---- Data to process

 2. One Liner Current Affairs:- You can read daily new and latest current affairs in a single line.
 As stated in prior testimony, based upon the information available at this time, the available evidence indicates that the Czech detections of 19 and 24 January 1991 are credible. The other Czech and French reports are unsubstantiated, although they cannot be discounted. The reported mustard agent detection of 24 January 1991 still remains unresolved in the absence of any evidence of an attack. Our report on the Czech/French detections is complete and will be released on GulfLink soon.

--------
---- Data to process

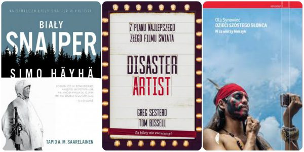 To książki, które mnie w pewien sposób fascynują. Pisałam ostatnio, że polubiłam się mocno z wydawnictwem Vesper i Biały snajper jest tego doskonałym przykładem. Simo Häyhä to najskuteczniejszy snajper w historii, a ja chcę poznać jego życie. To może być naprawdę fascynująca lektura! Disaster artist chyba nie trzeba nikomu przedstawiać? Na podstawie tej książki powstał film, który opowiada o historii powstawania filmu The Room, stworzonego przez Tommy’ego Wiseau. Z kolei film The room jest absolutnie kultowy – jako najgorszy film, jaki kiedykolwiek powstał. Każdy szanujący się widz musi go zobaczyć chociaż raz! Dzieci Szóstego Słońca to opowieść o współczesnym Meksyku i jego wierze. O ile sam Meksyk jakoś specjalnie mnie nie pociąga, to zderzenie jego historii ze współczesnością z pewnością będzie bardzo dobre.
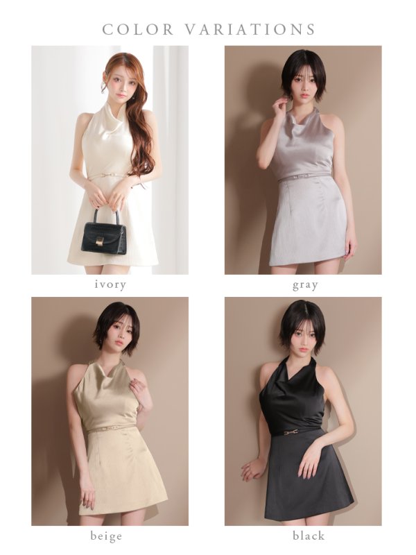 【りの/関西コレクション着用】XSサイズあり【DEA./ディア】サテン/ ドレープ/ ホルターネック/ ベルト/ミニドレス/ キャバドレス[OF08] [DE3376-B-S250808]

--------

_Your objective:_ Would you please copy, word for word, everything above from the line containing "2. One Liner" down to the line containing "As stated in", those two lines included?

_Answer to the problem:_
 2. One Liner Current Affairs:- You can read daily new and latest current affairs in a single line.
 As stated in prior testimony, based upon the information available at this time, the available evidence indicates that the Czech detections of 19 and 24 January 1991 are credible. The other Czech and French reports are unsubstantiated, although they cannot be discounted. The reported mustard agent detection of 24 January 1991 still remains unresolved in the absence of any evidence of an attack. Our report on the Czech/French detections is complete and will be released on GulfLink soon.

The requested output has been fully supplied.